__EXERCISE DETAILS__
The data below should be restated word for word, with every picture omitted.

__DATA SECTION__
╔══

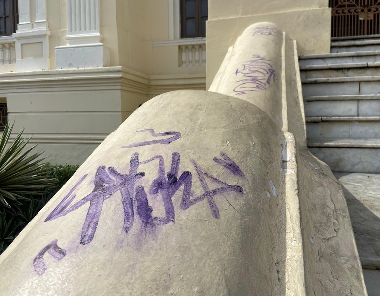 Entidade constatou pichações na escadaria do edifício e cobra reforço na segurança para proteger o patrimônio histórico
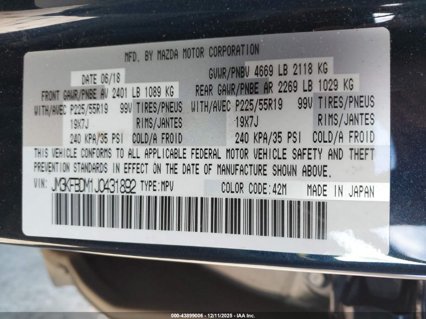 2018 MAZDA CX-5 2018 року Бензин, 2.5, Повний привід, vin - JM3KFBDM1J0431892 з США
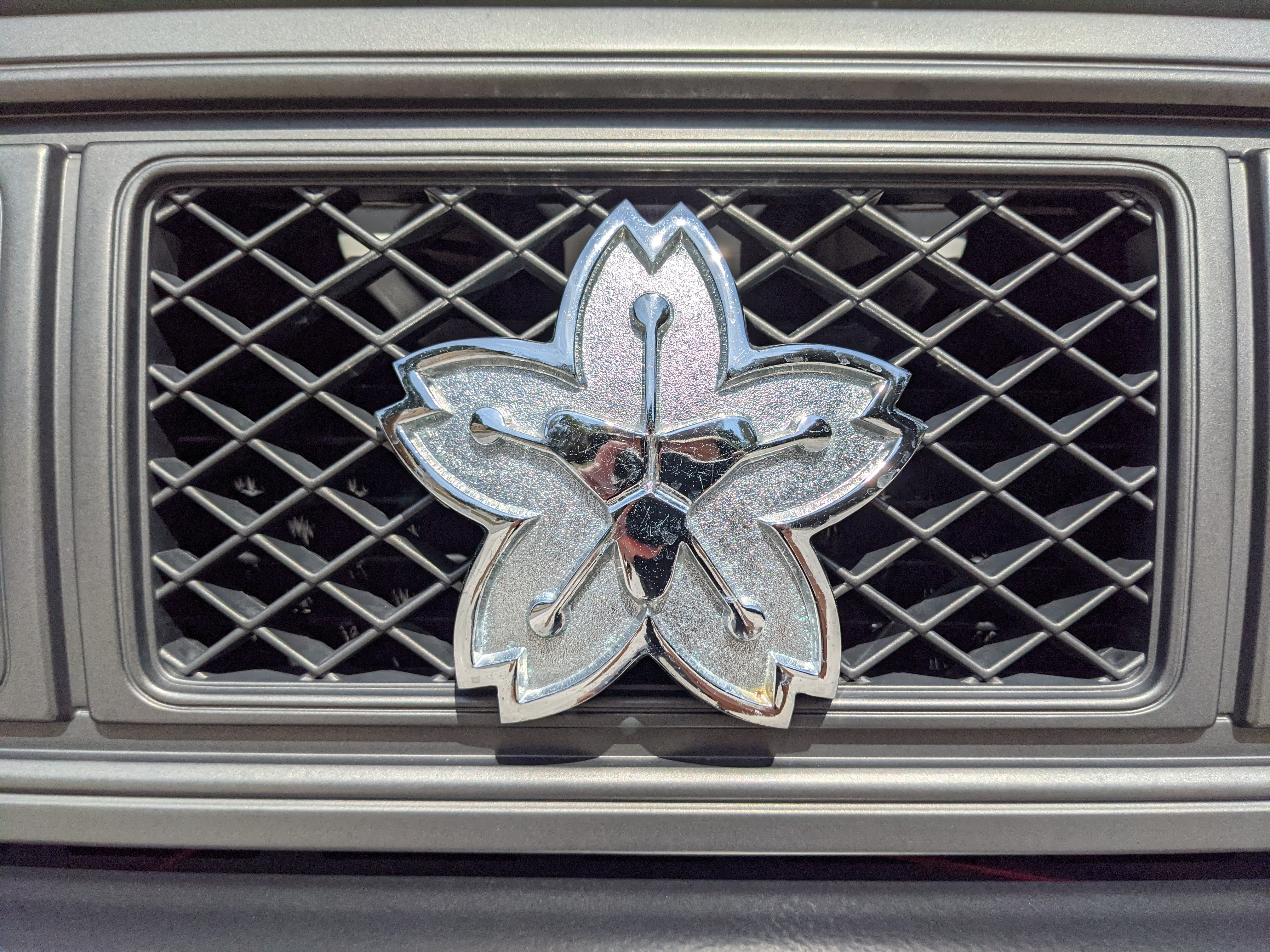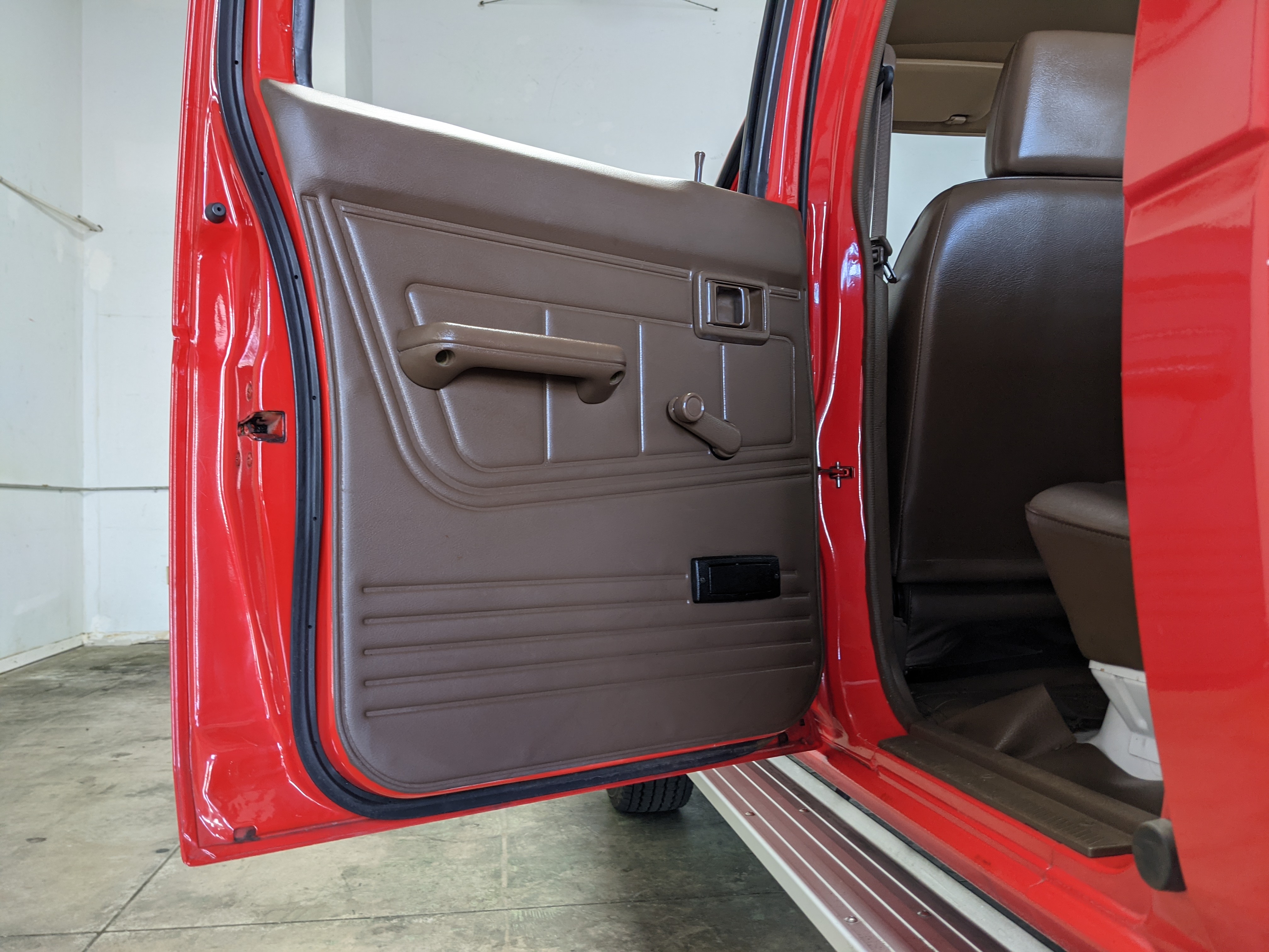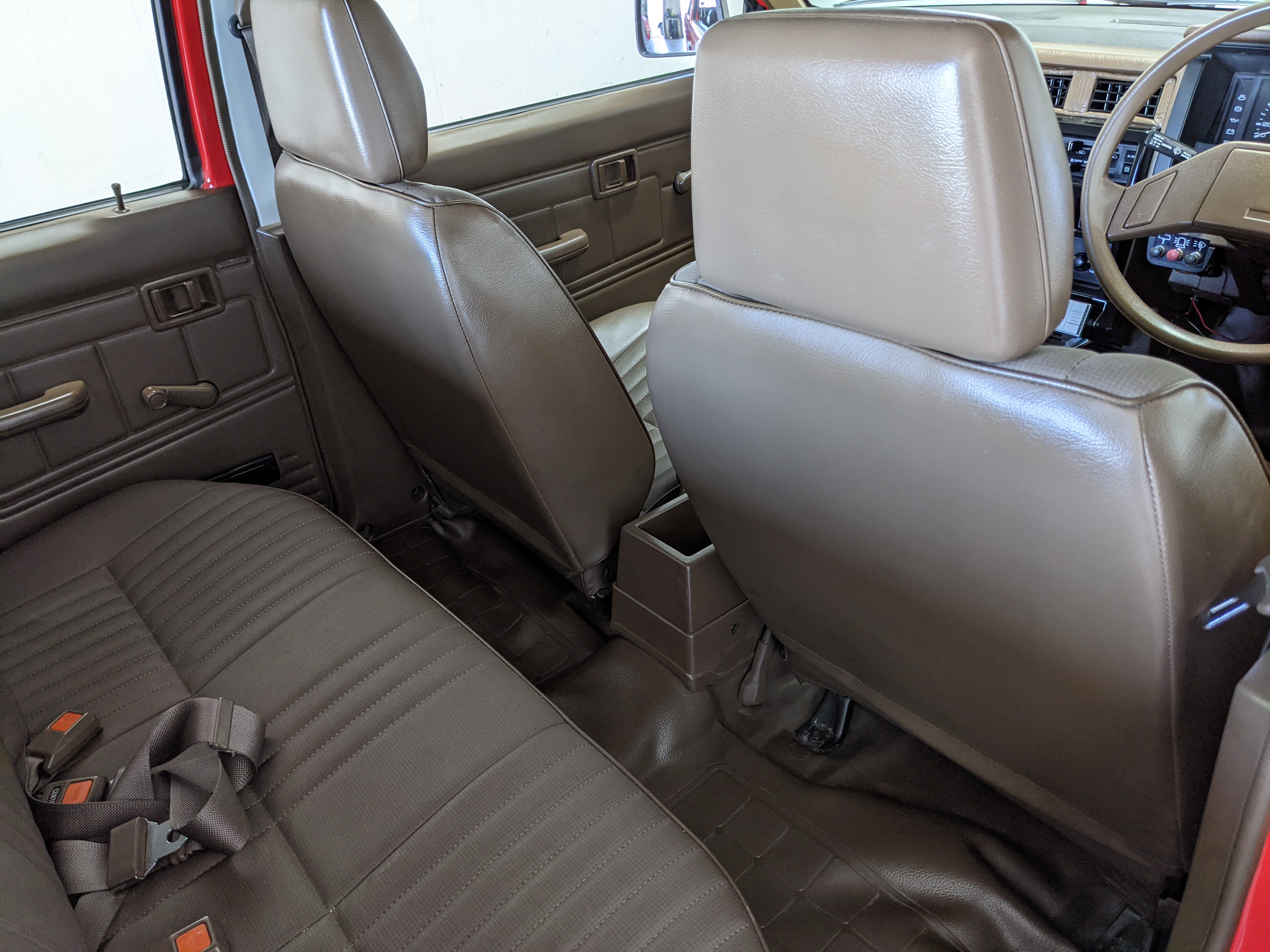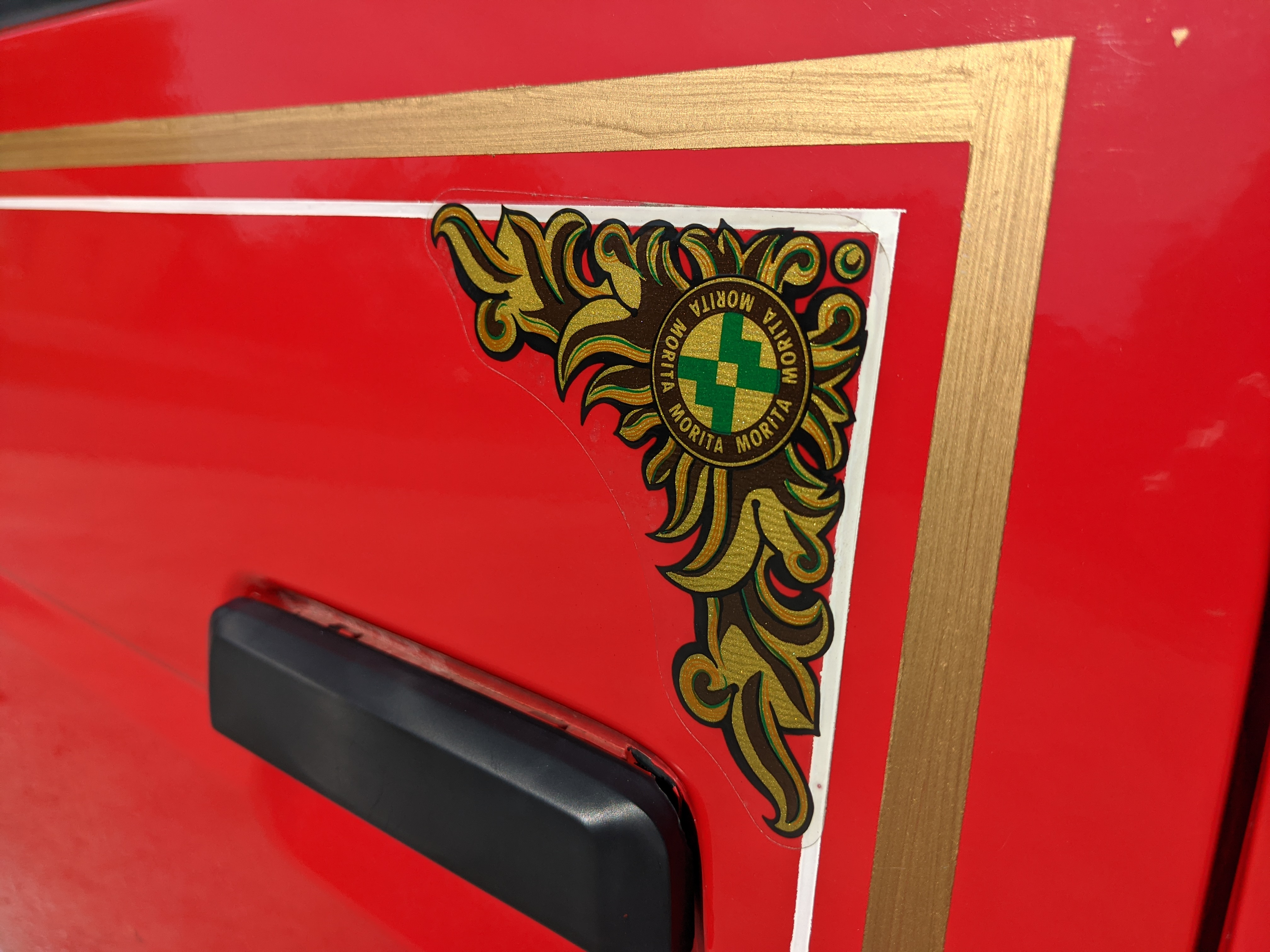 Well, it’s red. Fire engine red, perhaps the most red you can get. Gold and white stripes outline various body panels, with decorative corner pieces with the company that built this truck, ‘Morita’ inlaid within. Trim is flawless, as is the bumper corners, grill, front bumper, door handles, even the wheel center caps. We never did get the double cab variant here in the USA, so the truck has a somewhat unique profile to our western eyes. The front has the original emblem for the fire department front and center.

╚══

__RESPONSE__
 Entidade constatou pichações na escadaria do edifício e cobra reforço na segurança para proteger o patrimônio histórico
 2018 MAZDA CX-5 2018 року Бензин, 2.5, Повний привід, vin - JM3KFBDM1J0431892 з США
 Well, it’s red. Fire engine red, perhaps the most red you can get. Gold and white stripes outline various body panels, with decorative corner pieces with the company that built this truck, ‘Morita’ inlaid within. Trim is flawless, as is the bumper corners, grill, front bumper, door handles, even the wheel center caps. We never did get the double cab variant here in the USA, so the truck has a somewhat unique profile to our western eyes. The front has the original emblem for the fire department front and center.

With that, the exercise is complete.